If, however, they were fighting over a resource you will need a different approach. A resource can be anything from food to a toy to a favourite resting place etc. Each dog will have a different idea of what is important to them. Some couldn't care less if a dog eats his dinner others feel differently :wink: . The plan of action then would be to put away whatever they fight over or block access to the valued "place" etc.

Once you know why they are fighting you can address the problem.

Do be aware that some dogs learn to enjoy fighting (they get a "rush" from surviving and so pick fights to achieve the feeling again).

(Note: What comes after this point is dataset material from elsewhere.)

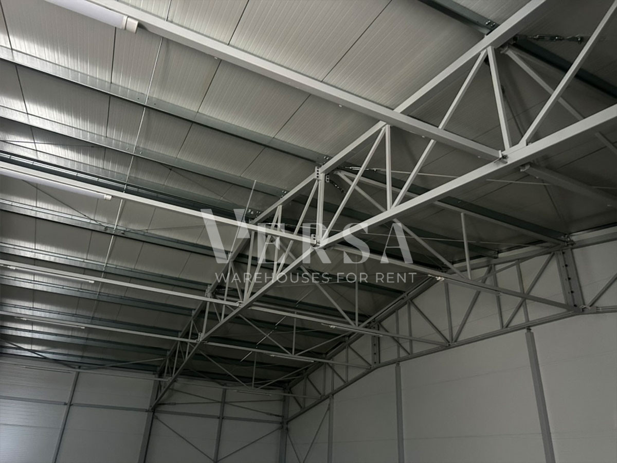 Features and equipment: 400 sq m warehouse. Height: 4,5 - 7 m. Dust-free flooring, load capacity: 5 tons/sq m. 1 Hörmann hydraulic gate (4.25 x 4.00 m) from ground level. Roof skylights, mechanical and natural ventilation. Smoke detectors, hydrants (internal/external), plus a fire tank. Unheated warehouse. Access control. Fiber optics. Fenced area, two entrance gates, a maneuvering area, and parking for 10 cars. 24/7 monitoring. Paving stone surface. Utilities: electricity, gas, water, and municipal sewer.
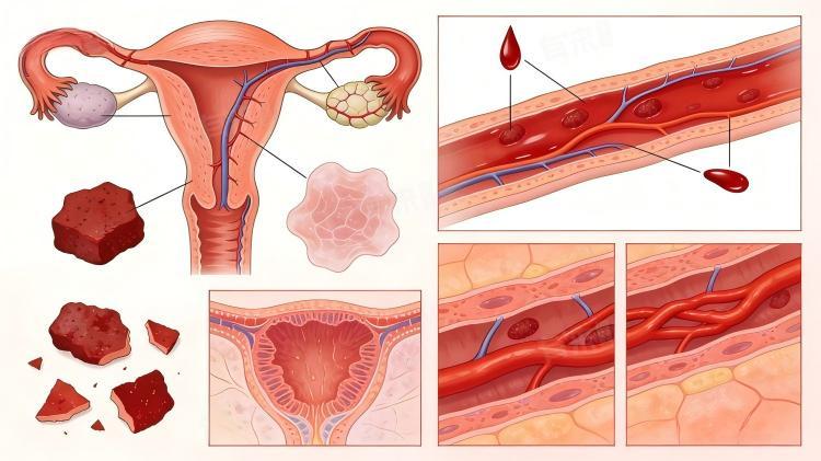 5、子宫内膜增生症:子宫内膜增生症由体内雌激素水平持续偏高、孕激素缺乏引发,子宫内膜异常增厚,脱落时出血量大幅增多,经血无法及时排出形成大量血块,可伴随月经周期紊乱、经期显著延长,属于内分泌紊乱引发的器质性病变。

Do not take the risk of ever leaving them alone together.

While you are finding out what is causing the fighting I suggest you attach house lines (long trailing leads) to each dog so that you can intervene quickly if something kicks off.


----------



## DTPCHEMICALS (Jul 24, 2006)

In our home today are 3 male shelties one at 14 and two at seven years old.
Three female Huskies ages 3, 2 and nearly one.
One Rough collie age 7
And one 14 year old female sheltie.
They have all been neutered and we hardly have any bother.
If there is trouble it is the two year old Husky and the husky pup.
A sharp word keeps them in line.
We have always had four dogs of mixed sexes at home all neutered, but I do not think that makes much differrence if the animals are allowed to *socialise frequently*. We have visitors with un neutered dogs and have no bother.

Dave p


----------